All morning I have been pondering something I thought of at daily mass. At my wonderful parish for years we have been (as well as in our family) praying for vocations to the priesthood and religious life. In that prayer it says to send us vocations.
As I have struggled this year through the vocation choice of my 17 year old, (although I am very proud of him and believe he is doing God's will) I realized the mistakes that I have made all these years!!!
I just wasn't specific enough to God!!! When my son was in my womb and I prayed for Thy Will To Be Done with this precious life; I consecrated him to the Sacred Heart of Jesus and Immaculate Heart of Mary, and then he was baptized as: priest, prophet, and king. Also, what was I thinking to give him examples like St. Dominic Savio, St. Therese of Liuseux, John Bosco, and many other holy saints as friends and examples!!!
In the prayer we say at mass and at home...I should of said, "send us vocations Lord...as long as they are comfortable to me"...It is so clear now that I should of been more specific...how about this: send us vocations to the priesthood...as long as they don't leave the country, have to be over: say...23 years of age...OK, I think that sounds less painful...
Or maybe this... "Lord, please have my children do your will and fulfill their vocation, as long as it means: being a diocesan priest who lives in my town, visits me often, and calls me daily. That sounds better.
How about I keep going Lord...and if they get married, please have them marry the spouse I pick out for them, buy the house next to me, give me many holy grandchildren, want to visit me often, and call me daily. (it is all about me anyway, right?)
Since I already have your attention Lord...how about a husband who never gets upset with me, cleans the house, does the laundry and dishes, makes the bed, never misunderstands me, walks around the house singing my praises. (I don't think it is possible for him to do more than he already does for me)

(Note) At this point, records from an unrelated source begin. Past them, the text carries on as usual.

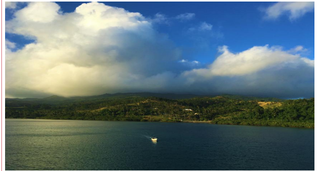
피지 대나라우 항구 현지 사진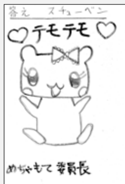
ペンネームしゅごキャラさん(みどり町)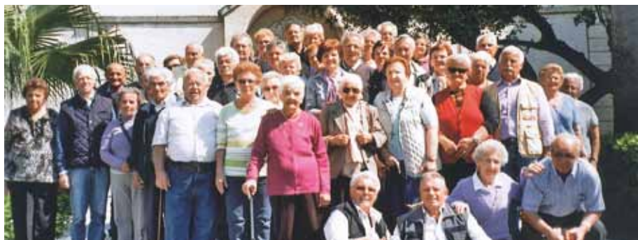
Soggiorno ad Alasio

tro le mafie, programma sociale del sindacato elaborato con Battista Villa.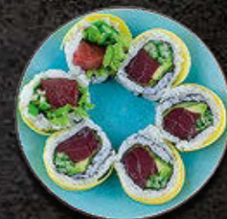
URAMAKI GOLD Tuńczyk wewnątrz, mango na zewnątrz, warzywa 45 PLN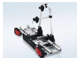
Porte-vélos (montage sur crochet)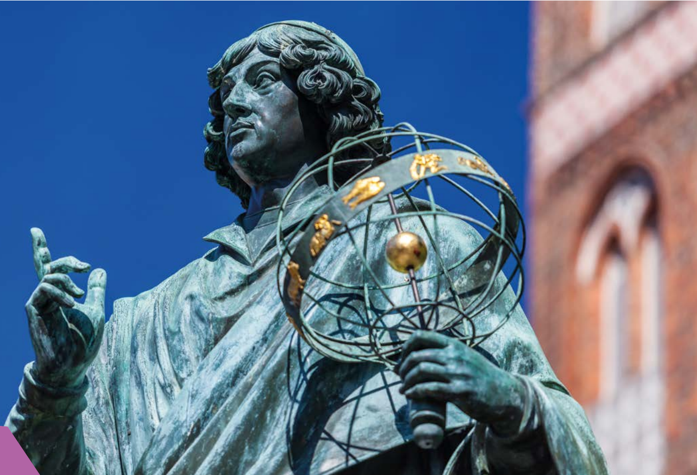
Pomnik Mikołaja Kopernika

– Planetarium Toruń (Certyfikat POT). Siedząc wygodnie w fotelu podbijesz bezkres wszechświata, poznasz gwiazdozbiory, odkryjesz tajemnice odległych planet i galaktyk.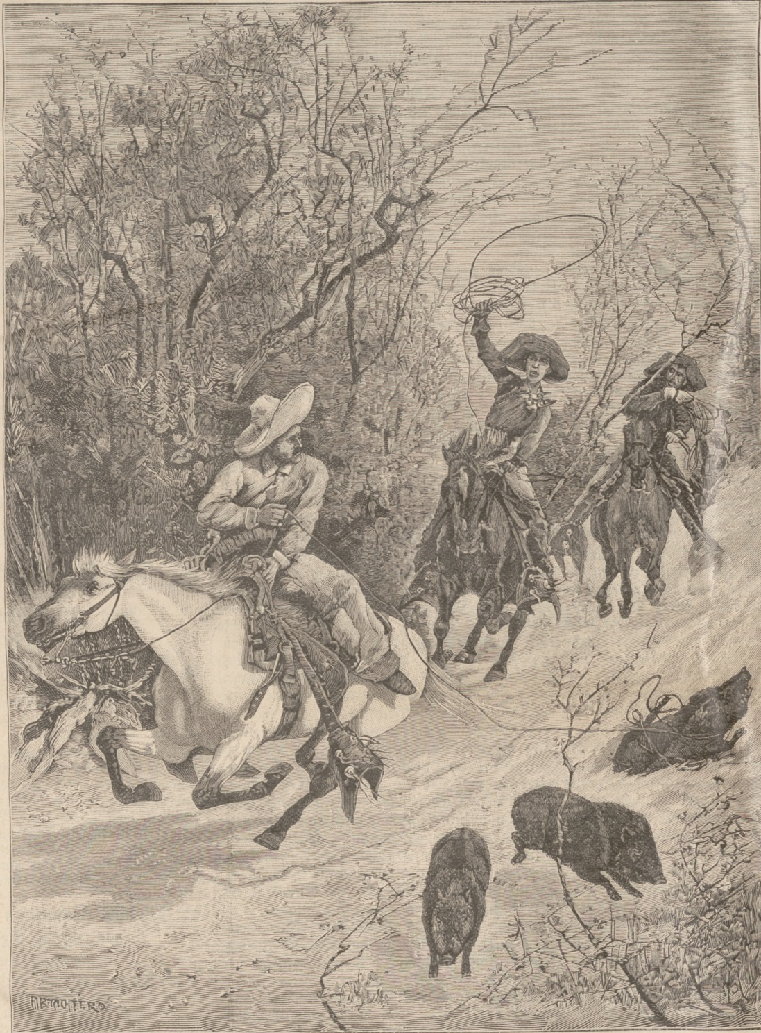
Jagd auf Bismarschweine. (S. 211)

Der alte österreichische Adel hat noch seine bestimmten mittelalterlichen Grundzüge, von denen er so leicht nicht läßt. Es kam zum

OK, just a little more since we are on the topic Lord...how about the rest of my kids...I would like holy, smart, healthy, obedient, happy children. Ones who pray always, beg to go to mass and say the rosary, are so smart we never need to do school (and just can play all day), never get sick, say "yes mother dear who I love and adore" always, and never argue or fight.
Then there is me Lord...can I have uninterrupted prayer time each morning, be about 20lbs lighter, not need any sleep, like to clean my house, never yell at my kids, always do what my husband wants, be a great mother to my teenagers, and keep my mouth shut!
Did I forget anything...if so Lord...I am sure you know, and I mean it when I say...Thy will be done...
OK, just kidding Lord...I remember now...It is called picking up our cross; and that is why we need faith!!!
Isn't it funny how we think we can tell God what to do?
I DO MEAN IT (NOT LIKE IT) WHEN I SAY THY WILL BE DONE!!!